• belli bir noktaya odaklanıp çalışma zorunluluğundan dolayı, birçok göz kusurunun oluşmasına ortam hazırlayan meslek.
  • işin daha da ilginç bir yanı var. diş hekimliği tıpta uzmanlık alanlarından biri olsaydı, tus puanları çok yüksek olurdu. göz, cildiye gibi yüksek puanlı bölümlerle yarışırdı. poliklinik hastası bol, muayenehane olayı süper, nöbeti yok, acili yok.

    ama öss'de diş hekimliği puanları tıp puanlarından düşük. buradan da anlıyoruz ki gençler bilinçsiz tercih kurbanı oluyorlar. ya da öss çağında sözde idealist takılıp "hayat kurtarcam, cerrah olcam, manyak olcam" havasında tıpa giren insanlar, tus çağına geldiklerinde "sikerim lan nöbetini, acilini. kasarım cildiye yazarım, rahat rahat para kazanırım" moduna geçiyorlar.
  • son zamanlarda devlet tarafından geleceğiyle bol bol oynanan meslek. nereye gittiği belli değildir.
  • yıllardır gelişemeyen meslek. 30 yıl önce de diş kerpetenimsi aletlerle kart kurt çekiliyordu, şimdi de öyle çekiliyor. tek fark uyuşturucu. hala çürüyor dişlerimiz. tıp neredeyse kanseri önleyecek seviyeye geldi, hala dişler için aynı yöntemler kullanılıyor.
  • en sadist tedavi yöntemlerinin (bunlarda birkaç tanedir) görüldüğü tıp dalı. ya da bu dalın öncüleri sadist.

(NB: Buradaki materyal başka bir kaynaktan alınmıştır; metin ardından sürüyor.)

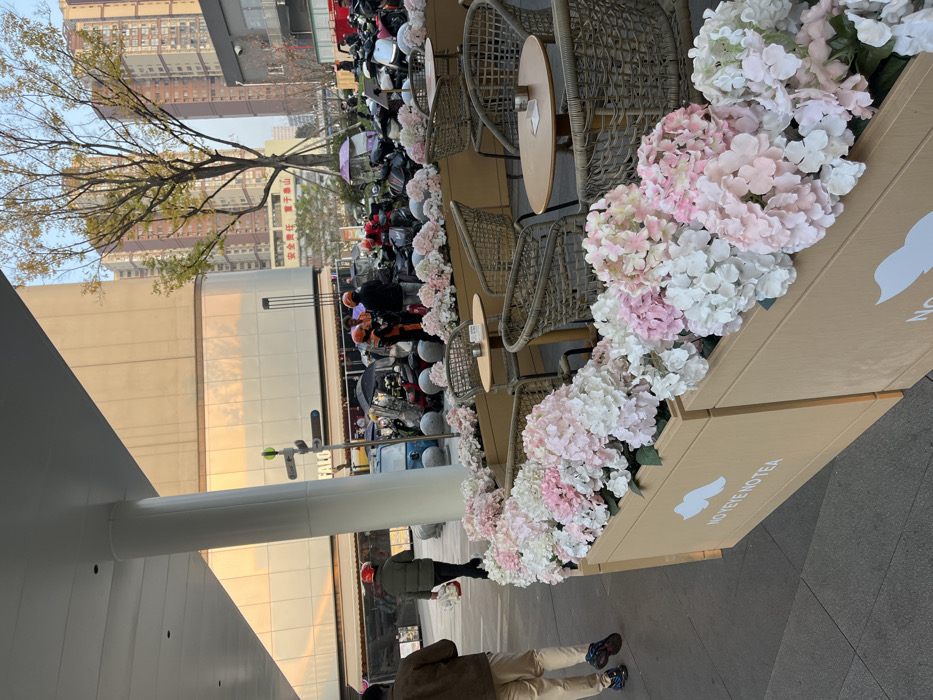 The image presents an outdoor urban scene in Wenjiang District, China, under warm, possibly late afternoon, lighting. In the foreground, a cafe's outdoor seating area is demarcated by a line of light-beige planters, each displaying a white stylized mustache logo and the English text "NO YEYE NO TEA". These planters are filled with dense clusters of artificial pink and white hydrangea flowers. Behind the planters are several round, light-colored tables accompanied by woven brown chairs, all unoccupied. To the left, a grey paved pedestrian walkway shows two individuals walking away from the viewer. The person closer to the foreground wears a brown jacket and light-colored trousers. The person ahead wears a green jacket, dark trousers, and carries a white bag. In the mid-ground, a modern building with a reflective glass facade reflects the warm light. A large white cylindrical pillar stands prominently in front of this building, supporting an overhead structure. A street signpost with multiple directional arrows and a green light is visible near the pillar. To the right, an extensive parking area is occupied by numerous electric scooters and three-wheeled delivery vehicles, some equipped with clear plastic rain covers. Several individuals, identifiable as delivery drivers by their orange jackets and red helmets, are gathered among these vehicles, appearing to be conversing or waiting. A banner with Chinese characters reading "安全责任 重于泰山" (Safety responsibility is heavier than Mount Tai) is visible on a distant building facade. A leafless deciduous tree stands between the vehicle parking area and the distant buildings. The background features multiple tall, multi-story residential buildings under a clear sky.
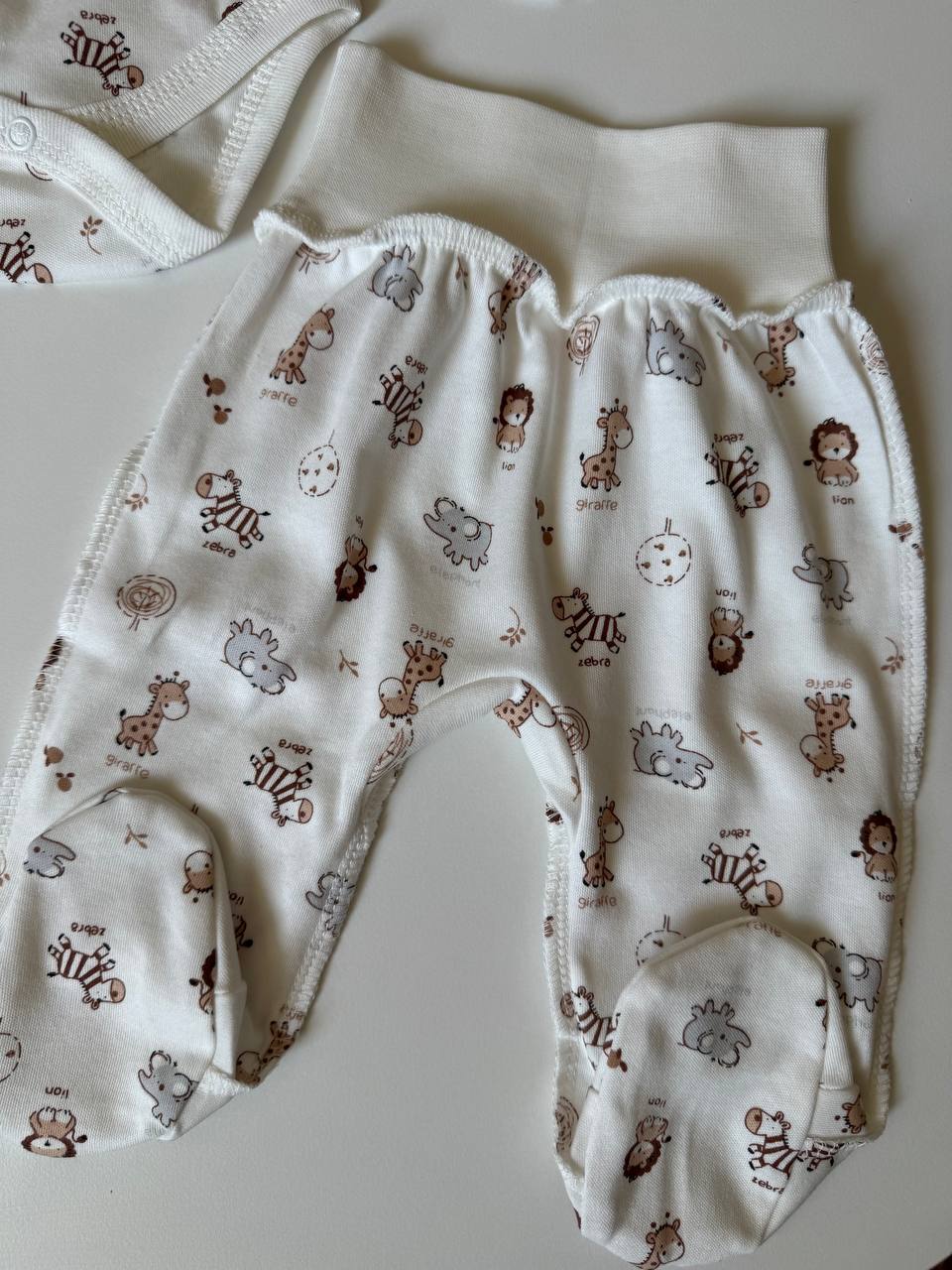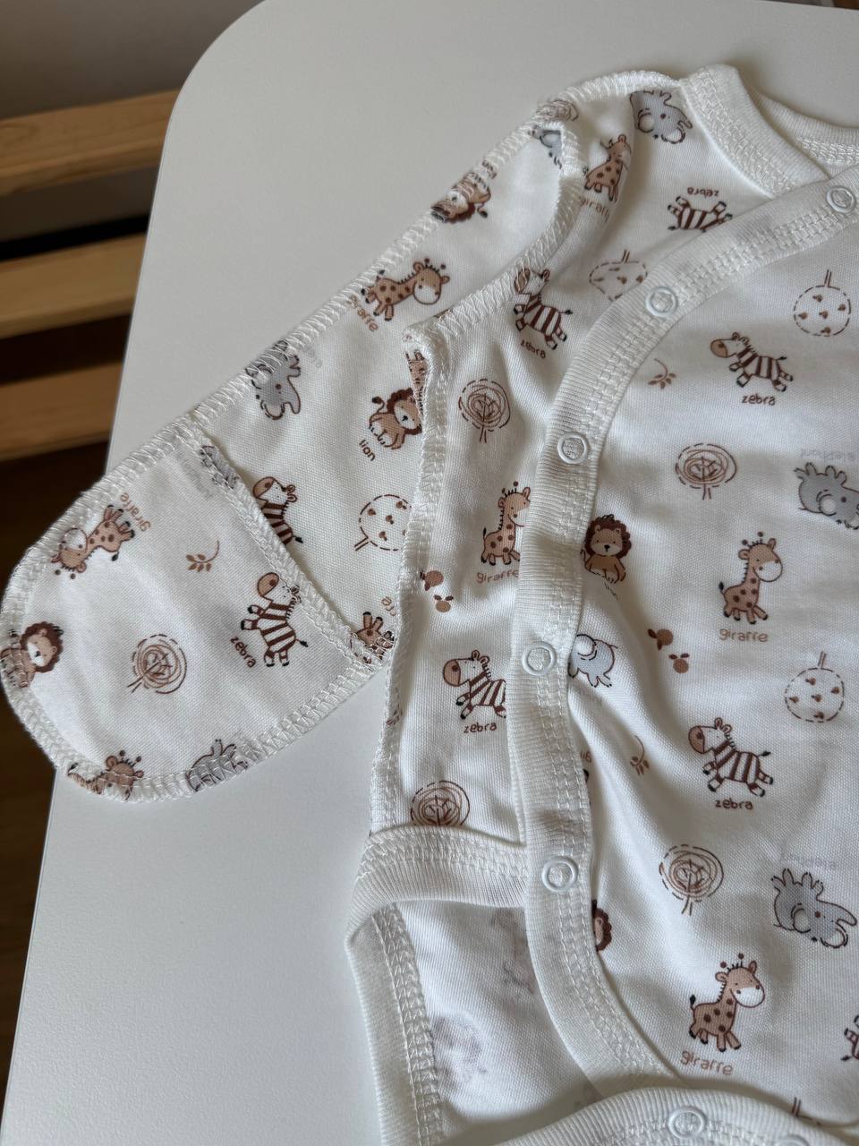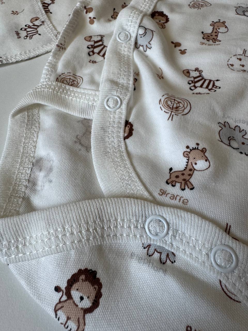 М’який і теплий комплект із двох одиниць, виконаний з ніжного інтерлоку для затишних буднів малюка. Натуральна бавовна дбайливо пропускає повітря та дозволяє шкірі дихати, забезпечуючи дитині спокійний сон і комфортне дозвілля. Боді має зручні кнопки по всій довжині для легкого переодягання та спеціальні манжети-антицарапки, що надійно закривають ручки. Повзунята з високою еластичною резинкою та закритими ніжками мають правильний крій, який не сковує рухів і дарує повну свободу першій активності немовляти. Це поєднання витонченого дизайну та функціональності, що стане ідеальною основою базового гардероба. Універсальний розмір: 56-62 (0-3 місяці).

    dişlerim sarardı dersiniz yanıt; dişin yüzeyini aşındıracağız beyazlayacak. ya da çekip takma diş takalım istediğiniz zaman protezi çıkarıp deterjanla temizlersiniz.
    dişim ağrıyor dersiniz. yanıt; dişinizi çekmemiz lazım.
    dolgum düştü dersiniz. yanıt: o diş artık dolgu tutmaz, dişinizi çekmemiz lazım.
    en çok kullanılan tedavi yöntemi de bu. dişinizi çekmemiz lazım. tedavi yöntemlerinin bu diş çekme (kerpeten ve buz kıracağına benzer aletlerle çeneye girişme de denebilir) baskısından kurtarılması gerekir.
  • her sene bırakıyorum deyip bırakamadığın(!) ama bi türlü mezun olamadığın bi okul.
  • en zor okunan bölümlerden biridir heralde, pratik ve teorik aynı anda yürümüyor arkadaş. masraflı olması da cabası, ee kullandığın her malzemeyi sen ödersen böyle olur tabi, aletlere kadar sen alıyosun insaf!!
  • önceki entrylerde belirtildiği üzere teorik ve pratik derslerin aynı anda alındığı, zor bir eğitim süreci.
    asıl sorun şu ki, artık günümüzde sürekli arttırılan kontenjan ve açılan fakülteler yüzünden, ilerde diş hekimi fazlası oluşacağı ihtimali. sırf bu yüzden temkinli yaklaşılmalı, şimdi ile ileriki durumu arası fark iyi öngörülmelidir.
  • ömür törpüsü meslek. mensubu olup sevenini görmedim.
  • kuyumculuk egitimi almaya basladiktan sonra farkli bir gozle gozlemleme sansim oldu. egitimin en basinda discilik el aletleri ile calisip sonra mikromotor ile calisan bzzzttt bztt aletlere gecip akabinde de acilden disci koltuguna yatinca isin hic de gorundugu kadar oturdugu yerden para kazandiran bir sey olmadigini deneyimlerek yasadim. yaptigimiz is kabaca ayni, ayni aletleri kullaniyoruz. dis hekimliginde insan faktoru isin icine birebir girerken kuyumculukta once yetenek ve zevk sonra begendirmek adina insan faktoru giriyor.

    hasbelkader dun gece randevu almaya vaktim olmadigi icin nobetci hekime birkac ufak islemi birada yaptirmak istedim, istemez olaydim. surasini begenmedim tekrar yapacagim diye diye disimde grand canyon olusturdu. grand canyon'u da severim, dis hekimini de artistik yaklasimindan dolayi sevdim fakat sonuc husran, sonuc dilin yilan olup grand canyonlarda istemsiz hiking yapmasi oldu.

    kissadan hisse: dis hekimligi fakultesi sadece yuksek puanlarla degil ek olarak ufak bir yetenek sinaviyla ogrenci alsin. bilimum alet kullanacak ve cok hassas bir bolgede calisacak insanlari egitmeden once ellerinin bu konuda ne kadar egitilebilir oldugunu test etmek lazim*.